- Squadron badge
- Active: 1942–1943; 1944;
- Disbanded: 28 November 1944
- Country: United Kingdom
- Branch: Royal Navy
- Type: Torpedo Bomber Reconnaissance squadron
- Role: Carrier-based:anti-submarine warfare (ASW); anti-surface warfare (ASuW);
- Part of: Fleet Air Arm
- Home station: See Naval air stations section for full list.
- Engagements: World War II European theatre of World War II;
- Battle honours: English Channel 1943; Norway 1944;

Commanders
- Notable commanders: Lieutenant Commander(A) William Francis Cuthbert Garthwaite, DSC, RNVR

Insignia
- Squadron Badge Description: Blue, a barn owl Tyto alba affronty proper perched upon a beam white holding in his dexter claw a mouse also white (1943)
- Identification Markings: uncoded, later 5A+ (Albacore); single letters (Barracuda); 2A+ (Barracuda November 1944);

Aircraft flown
- Bomber: Fairey Albacore; Fairey Swordfish; Fairey Barracuda;

= 841 Naval Air Squadron =

Defunct flying squadron of the Royal Navy's Fleet Air Arm

841 Naval Air Squadron (841 NAS) was a Fleet Air Arm (FAA) naval air squadron of the United Kingdom’s Royal Navy (RN). The squadron was last operational during 1944 and flew Fairey Barracuda torpedo and dive bomber aircraft.

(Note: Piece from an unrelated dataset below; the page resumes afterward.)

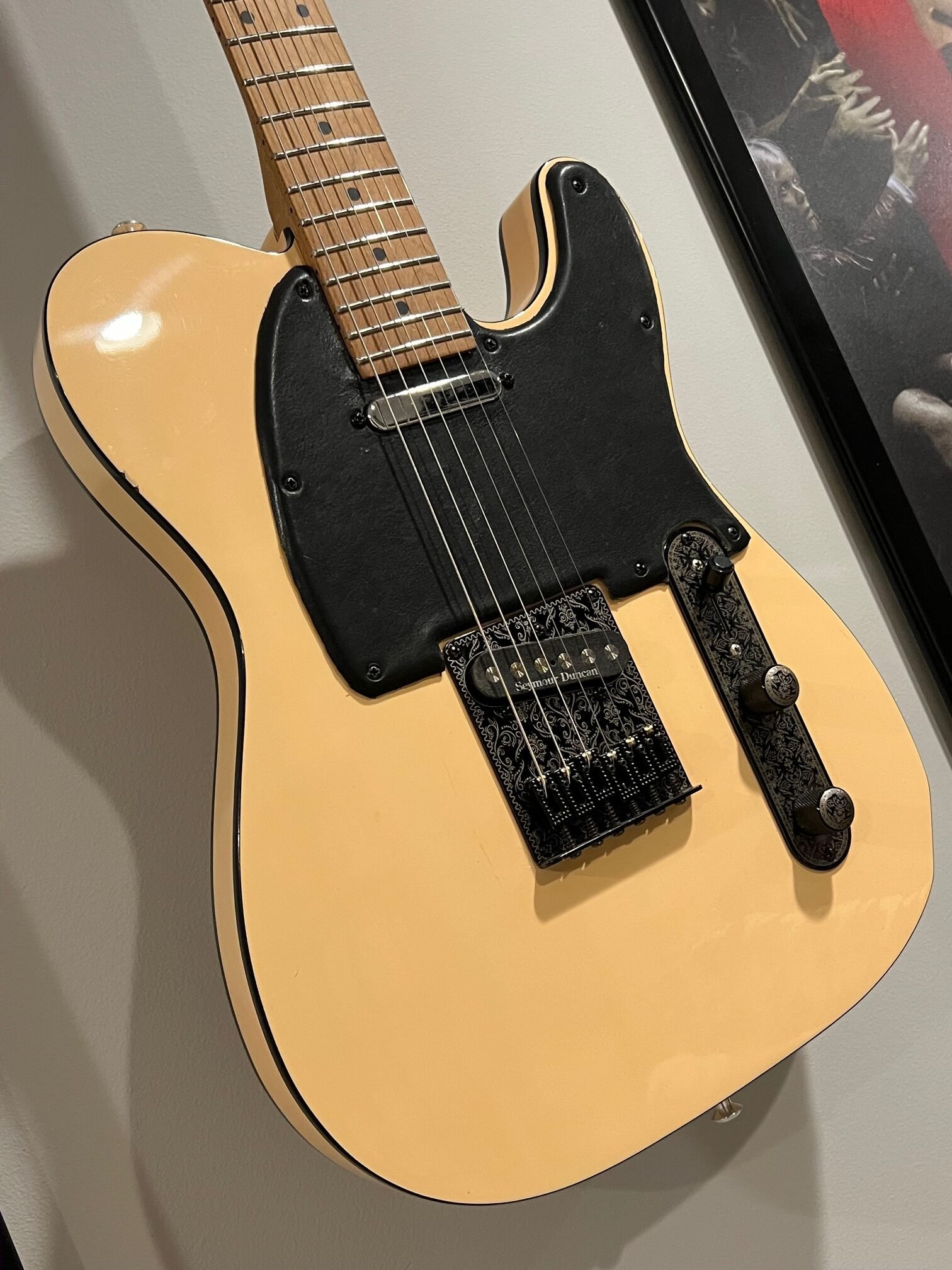This one-off BLK35 “Tuxedo” Tele-style guitar features a solid alder body with a clean, reversed crème aesthetic. No aging or distressing here—this one’s a blank canvas, ready for you to put your own miles on it. Outfitted with Seymour Duncan pickups and classic Tele controls, it delivers punch, clarity, and vintage-leaning versatility.

It was established at HMS Daedalus, RNAS Lee-on-Solent, in July 1942, as a special duty Torpedo Bomber Reconnaissance (TBR) unit. Operating under the RAF, the squadron relocated to RAF Middle Wallop in August and then later to RAF Manston, where it carried out ninety-nine night attacks against enemy shipping and E-boats. In early 1943, detachments were set up at RAF Coltishall, RAF Exeter, and RAF Tangmere, and in May, it absorbed part of 823 Naval Air Squadron, eventually expanding its fleet of aircraft. The squadron was disbanded at RAF Manston in December, with its responsibilities and aircraft transferred to the RCAF's 415 Squadron.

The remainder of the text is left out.